India, South Africa, Turkey, Indonesia and Brazil are considered the fragile five' nations after their currencies suffered the most at the end of May 2013, after a selloff provoked by a hint from the Fed that it could start winding down its economic stimulus programme. The rupee performance since Thursday was behind all the others although only India among the fragile five' saw a narrowing of its balance of payments deficit.
On Monday, the rupee fell for a third continuous session. It has weakened by almost two per cent to the dollar since Thursday.
The BSE exchange's benchmark index, the Sensex, plunged on Monday by as much as 426 points, its biggest fall in five months, on both fear of the Fed's tapering effect and a day ahead of the Reserve Bank of India monetary policy review. The central bank is widely expected to hold rates following a softening of inflation in December but the market is in an apprehensive wait for the tone of the policy statement. A hawkish stance will support the rupee, as it will keep inflation expectations in check.
However, the market sees the rupee's current performance as temporary, since the macro fundamentals have improved significantly as compared to May 2013. The country has higher foreign exchange reserves and an improved current account deficit (CAD).
"The rupee has fared better than other emerging market (EM) currencies since September, since the time Raghuram Rajan took over as RBI governor. The war chest for RBI has grown, CAD has improved, exports have gone up. Due to these factors, the vulnerability of the rupee has been lower," said G Ananth Narayan, regional co-head (global markets and wholesale banking, South Asia), Standard Chartered Bank.
Forex reserves have gone up by about $20 billion since September, while import curbs, particularly on gold, helped to narrow the current account gap. The CAD for the financial year's second quarter (July-September) dipped to 1.2 per cent of gross domestic product from 4.9 per cent in the previous one.
"In the current context, the domestic cues from elevated interest rates and downtrend in the CAD are in favour of the rupee, to dilute the force of headwinds from the external sector," said Moses Harding, group chief executive officer (liability and treasury management) & chief economist, Srei Infrastructure Finance.

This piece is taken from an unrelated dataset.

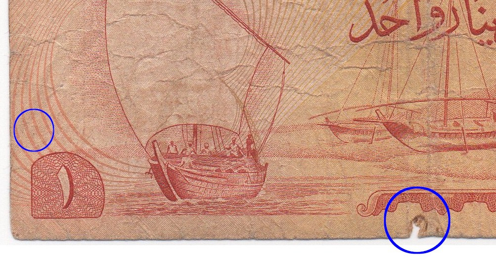 | Front Info | Color: Brownish-red on multicolored underprint. Right: Arms. Middle: Denomination & Unit in Arabic Language. Left: Dhow. |

Though RBI governor Raghuram Rajan had said during the previous policy review that the country was in a better position to face the US Fed's tapering, the latter will have some effect on emerging market currencies in case of a selloff in riskier assets.
In addition, the general elections in April-May will also make investors jittery; they see the possibility of a hung Lok Sabha and, therefore, derailing of significant policy reform.
"Emerging markets are looking a bit wobbly. The Fed taper process will probably continue and, most important, India will be through a period of uncertainty over the new few months due to the elections. The markets have never predicted elections well. It is a time to be cautious with the rupee," said Ananth Narayan.